— EXERCISE INPUTS —

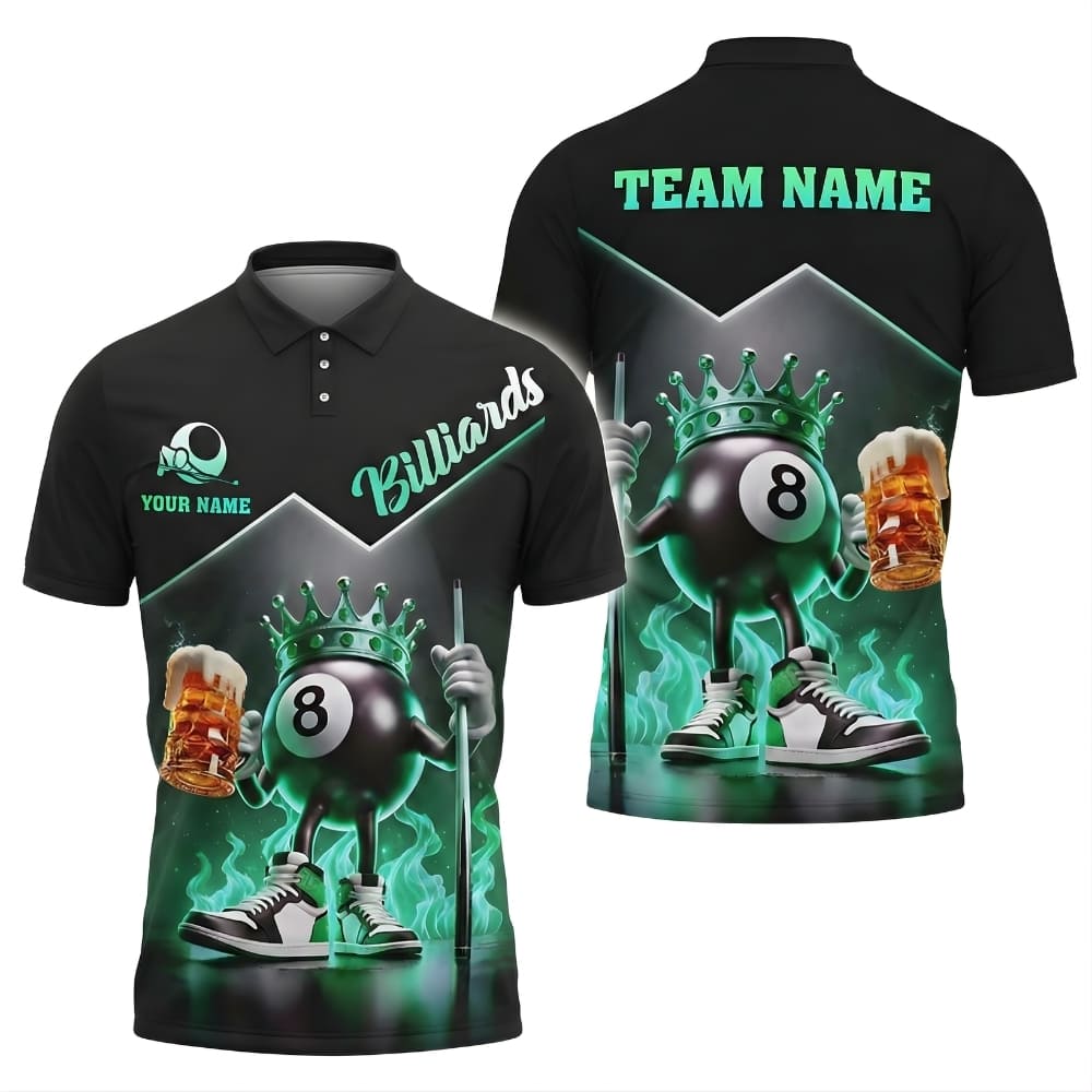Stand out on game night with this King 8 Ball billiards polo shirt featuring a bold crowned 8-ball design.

--

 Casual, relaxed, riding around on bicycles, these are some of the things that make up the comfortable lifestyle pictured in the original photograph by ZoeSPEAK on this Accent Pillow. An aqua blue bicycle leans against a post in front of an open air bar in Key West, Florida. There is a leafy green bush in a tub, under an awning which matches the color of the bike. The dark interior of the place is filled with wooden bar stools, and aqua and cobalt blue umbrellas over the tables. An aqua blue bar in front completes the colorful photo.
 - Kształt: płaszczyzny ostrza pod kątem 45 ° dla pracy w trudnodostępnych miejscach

— TASK TO COMPLETE —
From the records above, print exactly the lines that run from the line with "Casual, relaxed, riding" to the line with "- Kształt: płaszczyzny", inclusive.

— RESULT FOR THIS EXERCISE —
 Casual, relaxed, riding around on bicycles, these are some of the things that make up the comfortable lifestyle pictured in the original photograph by ZoeSPEAK on this Accent Pillow. An aqua blue bicycle leans against a post in front of an open air bar in Key West, Florida. There is a leafy green bush in a tub, under an awning which matches the color of the bike. The dark interior of the place is filled with wooden bar stools, and aqua and cobalt blue umbrellas over the tables. An aqua blue bar in front completes the colorful photo.
 - Kształt: płaszczyzny ostrza pod kątem 45 ° dla pracy w trudnodostępnych miejscach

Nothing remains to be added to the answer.